Today I’ve decided to put one foot in front of the other and get going where I’m headed. Since January 2018 I’ve been courageously editing my life in order to get my walk to match my talk; to put my priorities in the right order and dig out from under a life that went off track. I’d like to invite you to join me on the journey. We’re jumping in right here, real time and I’ll fill in the back story as we go.
Because of all my hard work decluttering and digging out in 2018, when I packed away Christmas this past December I was left with this view. Empty countertops, a virtually empty bookshelf and free floor space. I simultaneously love it and despise it. I love that there aren’t piles tucked in nooks and crannies waiting to reclaim the surfaces. I love that there is space for my energetic son to play.

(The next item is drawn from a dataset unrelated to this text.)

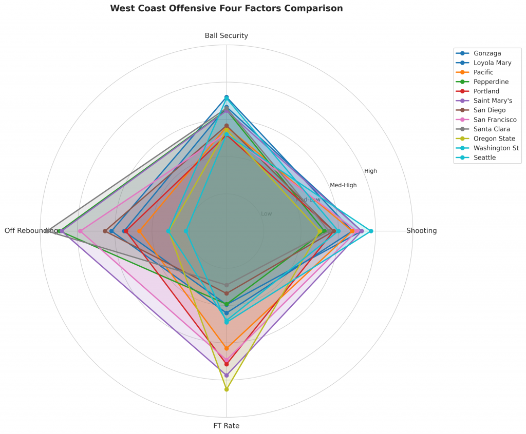 Figure 2: Offensive Four Factors comparison across West Coast teams. The radar chart shows each team’s shooting efficiency (eFG%), ball security (TOV%), offensive rebounding (OREB%), and free throw generation (FT Rate).

I despise that this empty space looks barren. That no stuff seems to equal nothingness. My living room looks like I’m getting ready to move away from this place, not live in it. I despise that now you can see how badly the walls need a fresh coat of paint and that dust is the eighth member of our family.
I’ve come to my next realization in this journey of edits. Just like working through your emotions or growing in your relationships, dealing with your stuff has layers. Letting go of what is to embrace something new doesn’t happen overnight. Cleaning a canvas to paint a new picture requires elbow grease. I want the end result, but currently I’m in the messy middle.
It hurts in a way I didn’t expect. Looking at this empty space feels personal. This is my space and if it’s empty, does that mean I am empty too? It is void of colour and personality, it’s boring. Does that mean I am boring too? At this point in my story I understand more deeply why we hold on to things. Why we fill our space with stuff. The struggle makes sense to me now. I’ve lived through the barrenness of many autumns and I know the fullness of the spring. This space feels empty now, but that emptiness leaves room for something new to begin.
That’s why it’s a journey, not simply an event. Left foot, pick a pile. Right foot, sort through it. Left foot, choose which things go. Right foot, choose which things stay. Left foot, look at all the space you created. Right foot, resist the temptation to fill the space back up. Left foot, right foot, left foot, right foot. I keep walking down this road although I’m not sure where I’m headed, I’m not even sure where I’m placing my foot down yet.
This is just one space in my home. A space that used to be full to overflowing with clutter. A space where I can see that I’ve accomplished what I set out to do. There will be many more empty spaces before things begin to feel full again. Places I can see and places I can only feel. I’m not sure where the road will take me. I’m not sure what I’ll realize as I glance back. I do know this is my road. I do know I don’t travel it alone. I do know when we share our journeys with others we learn so much more. Come walk with me. Left foot, right foot, left foot, right foot. On a journey through clutter in our homes, our hearts, our heads and our health clearing away the debris standing between us and life abundant.
Welcome to my story. Welcome to the courageous editing of life. Welcome to the Original Revamp.